In 1904, Reynolds left York to take a position with the H. N. White company, the maker of "King" instruments. There, he transitioned from craftsman to shop superintendent. Reynolds worked for 30 years at King in Cleveland, Ohio, rising far in the company.

===F. A. Reynolds Company===
Reynolds established the F. A. Reynolds Company in 1936 to produce his own brand of band instruments. Reynolds developed a reputation for his instruments' excellent acoustics and superior craftsmanship. He spent 10 years with his company, developing successful lines of cornets, trumpets, baritone horns, French horns, and bass trombones, among other instruments. The company realized significant sales of instruments to the United States Armed Forces during the Second World War. At the age of 61, Reynolds sold the company to Scherl & Roth in 1946.

While at F. A. Reynolds, he teamed with other notable brass men of the day to work on the Martin Committee trumpet in 1939. He also established the Ohio Band Instrument Company, concurrently owned by himself, his brother Harper, and Max Scherl of Scherl & Roth. This spin-off company became wholly owned by Scherl & Roth at the same time they purchased F. A. Reynolds.

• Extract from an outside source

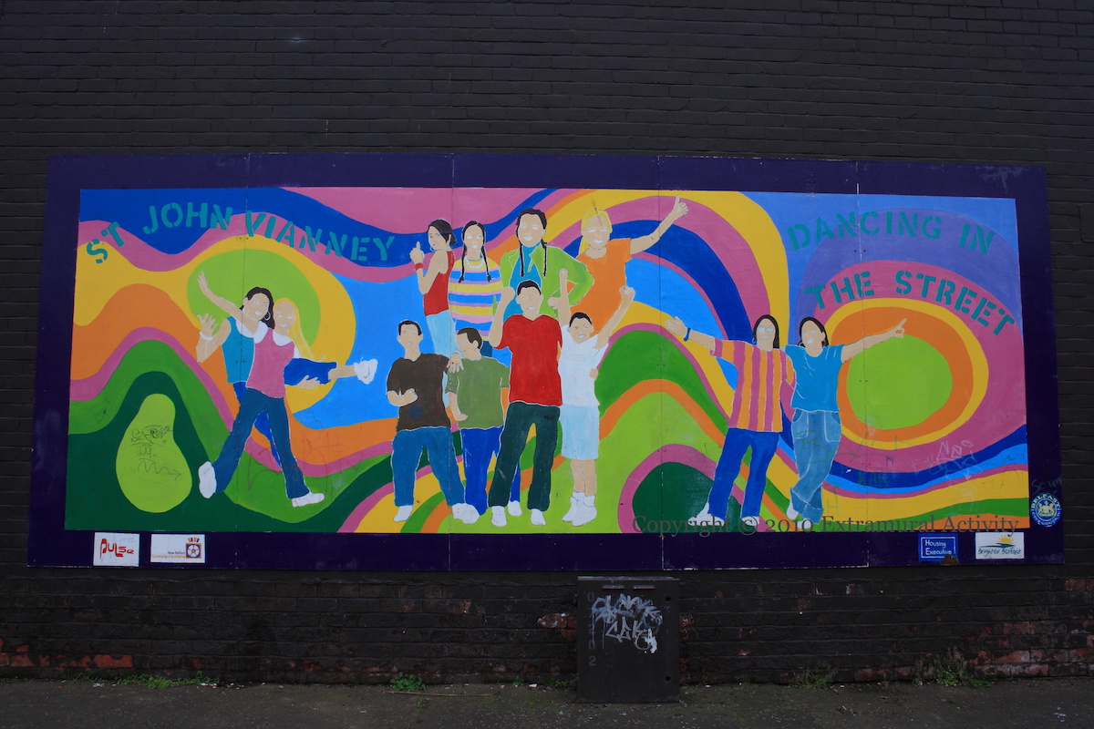 St John Vianney Youth Club is in River Terrace in the lower Ormeau area. This mural was supported by Pulse, the New Belfast Community Arts Initiative, the Housing Executive, and Brighten Belfast.

===Retirement and F. E. Olds===
The year after selling his company to retire, Reynolds was lured to F. E. Olds by Maurice Berlin, the president of Olds's parent company, Chicago Musical Instruments. Reynolds moved to Los Angeles, California, and took control of the Olds factory there. By 1948, this involvement lead to the birth of the Olds Ambassador line of cornets, trumpets, and trombones, which Olds sold for decades. In 1953, Reynolds took on an apprentice, Zigmant Kanstul, who would serve as plant superintendent after Reynolds's death until 1970. Reynolds died on the job from a heart attack in the presence of Kanstul and others at the Olds plant in Fullerton, California.

==Company legacy==
F. E. Olds has been reconstituted and is selling Olds and Reynolds branded instruments with a headquarters in Westfield, New Jersey. The original F. E. Olds company closed its doors in 1979, still managed by one of the employees present with Reynolds at his death. The Ohio Band Instrument Company name went away around 1950.

==Personal life==
Reynolds was married twice and had three children. His marriage to Frances Dean at the age of 19 lasted 31 years before ending in divorce. His second marriage, to Myrtle Rozelle, lasted the remainder of his life. He entered the workforce at the age of 19, in 1903, and died on the job on July 18, 1960, at the age of 76.